Update required fields in CreateGermlines

Jason Vander Heiden

If this is for theREGIONS_PN log entry, we won't be able to make the N/P fields required by CreateGermlines as we can't get them from IgBLAST (so requiring them would break CreateGermlines). I'm guessing that the cleanest approach would probably be to have the REGIONS log generated differently if these additional fields are found in the input.

2016-05-17T21:02:16+00:00

ssnn reporter

What about creating a --regions subcommand to add the field REGIONS to the final db file? NP1_LENGTH and NP2_LENGTH would be required fields. If N1_LENGTH, P3V_LENGTH,... and the others are found (IMGT style), get REGIONS coded as VPNPDPNPJ, otherwise (IgBLAST style), use the VNDNJ schema.

2016-05-18T02:00:20+00:00

Jason Vander Heiden

I'm not seeing the benefit. Presumably, the purpose would be so you can parse the 'VNDNJ' string to get the start/length of each region, but you need that info to create the string in the first place. Seems cleaner to just use the start/length fields directly in whatever application needs them. But maybe I'm missing something? Is there another use?

2016-05-18T02:10:29+00:00

Namita Gupta

Is there a use to having the start and end other than to make the string? I feel like I want the string to use for stuff more so than the positions. Or if anything, have both.

2016-05-18T02:15:06+00:00

ssnn reporter

I think the use is just to have something that can help visualize the different regions in the context of the sequence and the germline.

2016-05-18T02:20:08+00:00

Jason Vander Heiden

I thought this began from a desire to analyze the N/P sequences separately (length, amino acids, etc), so they needed the positions/lengths to pull out the nucleotides from the input sequence. It would also be useful for doing VH replacement footprint searches.
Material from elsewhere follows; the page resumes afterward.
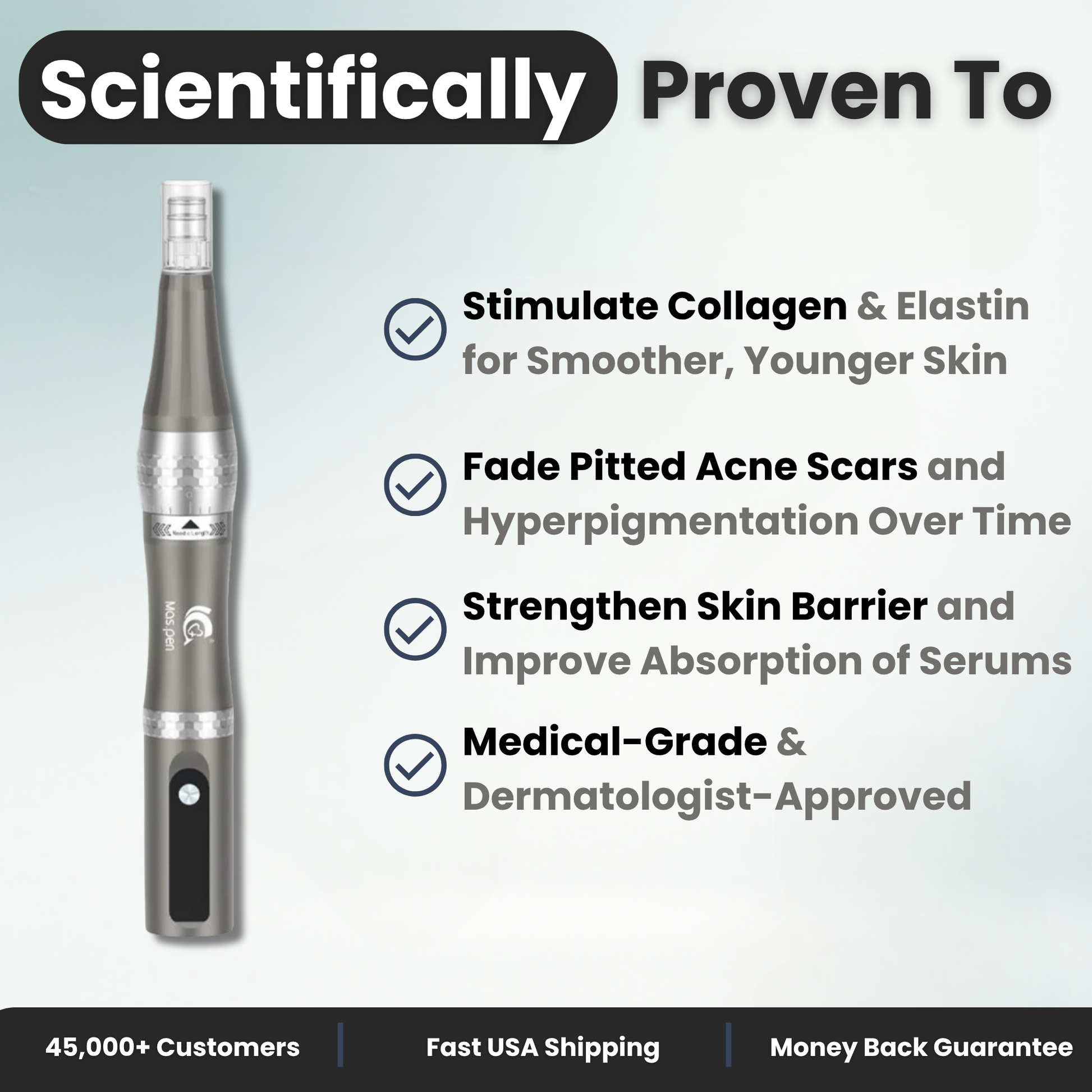 The microneedling pen creates tiny, controlled micro-channels in your skin using ultra-fine needles. This triggers your body’s natural healing response — boosting collagen and elastin production.

But if it's just for the sake of visualization, then I think having it in the log alone is sufficient. However, I don't see a downside to adding a regions option to the -g flag to make a GERMLINE_REGIONS field (or whatever we want to call it). I mean, it's another thing we'd need to maintain which seems to have limited use, but if we are already putting it in the log it's not really any more effort.

2016-05-18T02:29:26+00:00

Namita Gupta

I agree it may make more sense to add the regions flag to CreateGermlines. Right now I really do want to know what region each nt of the gapped sequence is in.

2016-05-18T02:35:06+00:00

ssnn reporter

Ok. The flag, then. If someone needs the info, use the flag, otherwise, don't clutter the db file.

2016-05-18T02:40:07+00:00

Jason Vander Heiden

@namita1025 I think something like:

v <- cumsum(c(312, df$NP1_LENGTH, df$D_SEQ_LENGTH, df$NP2_LENGTH, df$J_SEQ_LENGTH))
cut(s2c(df$SEQUENCE_IMGT[1]), breaks=v[1])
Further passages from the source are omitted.